Problem
In the entries that follow, find the line containing "We propose an" and the line containing "In a small pan, melt", then retype exactly the lines from the first through the second, pictures excluded.

··········

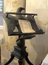 - L'aigle-lutrin en bois anciennement doré date du XVIIIe siècle, et est classé depuis 1912. Il mesure 175 cm ou 210 cm de hauteur, le dossier de protection et le dossier d'inventaire ne concordant pas sur ce point. Trois tiges de bois en volutes rentrantes servent de support à la boule (orbe) de l'aigle. Elles s'appuient sur une planchette triangulaire, et vers l'intérieur, elles sont sculptées d'une patte de lion[20].
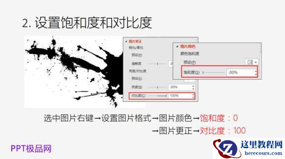 步骤二:选中图片并且设置图片颜色的“饱和度”和图片更正的“对比度”。
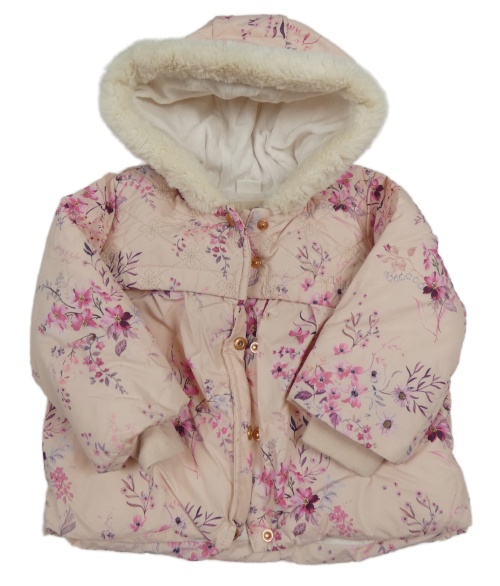 Světlerůžová šusťáková květovaná zimní bunda s kapucí Next
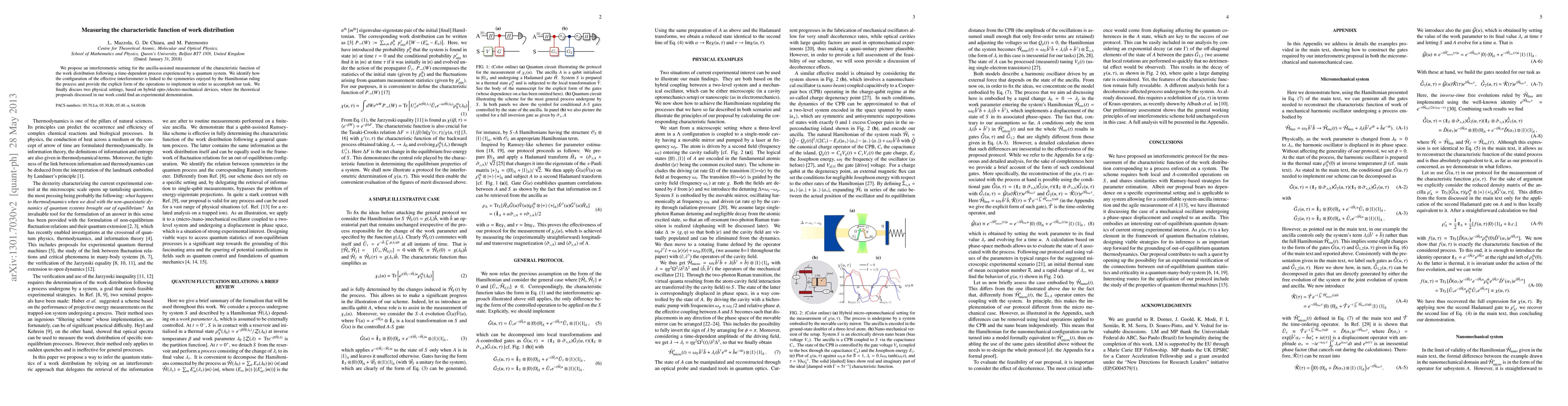 We propose an interferometric setting for the ancilla-assisted measurement of the characteristic function of the work distribution following a time-dependent process experienced by a quantum system. We identify how the configuration of the effective interferometer is linked to the symmetries enjoyed by the Hamiltonian ruling the process and provide the explicit form of the operations to implement in order to accomplish our task. We finally discuss two physical settings, based on hybrid opto-/electro-mechanical devices, where the theoretical proposals discussed in our work could find an experimental demonstration.
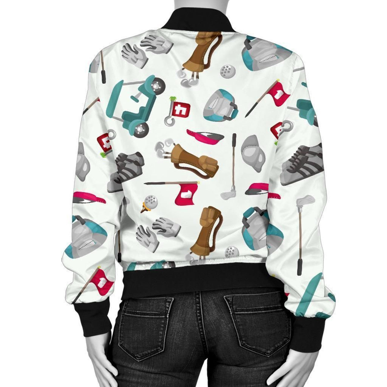 FUNSTUFFPRINT Golf Print Pattern Women Casual 3D Bomber Jacket
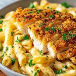 In a small pan, melt the remaining butter and add the breadcrumbs. Toast them until they turn a gorgeous golden brown and get wonderfully crispy. This final touch adds an amazing crunch that contrasts beautifully with the creamy pasta and tender chicken, staying true to the classic dish’s delightful texture play.
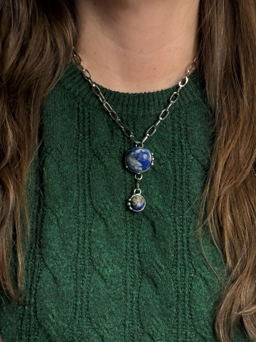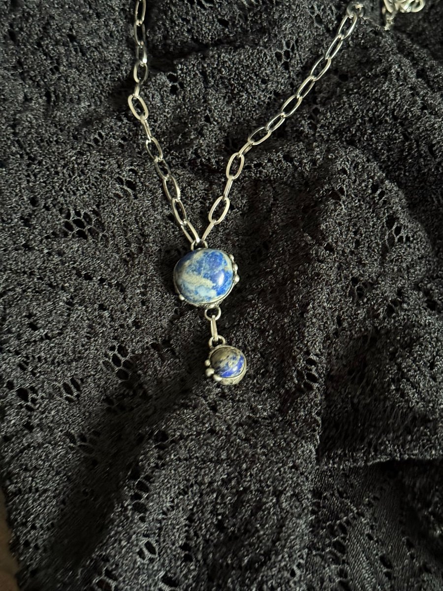 Náhrdelník ze dvou kamenů LAPIS LAZULI na řetízku z chirurgické oceli.

··········

Task solution
 We propose an interferometric setting for the ancilla-assisted measurement of the characteristic function of the work distribution following a time-dependent process experienced by a quantum system. We identify how the configuration of the effective interferometer is linked to the symmetries enjoyed by the Hamiltonian ruling the process and provide the explicit form of the operations to implement in order to accomplish our task. We finally discuss two physical settings, based on hybrid opto-/electro-mechanical devices, where the theoretical proposals discussed in our work could find an experimental demonstration.
 FUNSTUFFPRINT Golf Print Pattern Women Casual 3D Bomber Jacket
 In a small pan, melt the remaining butter and add the breadcrumbs. Toast them until they turn a gorgeous golden brown and get wonderfully crispy. This final touch adds an amazing crunch that contrasts beautifully with the creamy pasta and tender chicken, staying true to the classic dish’s delightful texture play.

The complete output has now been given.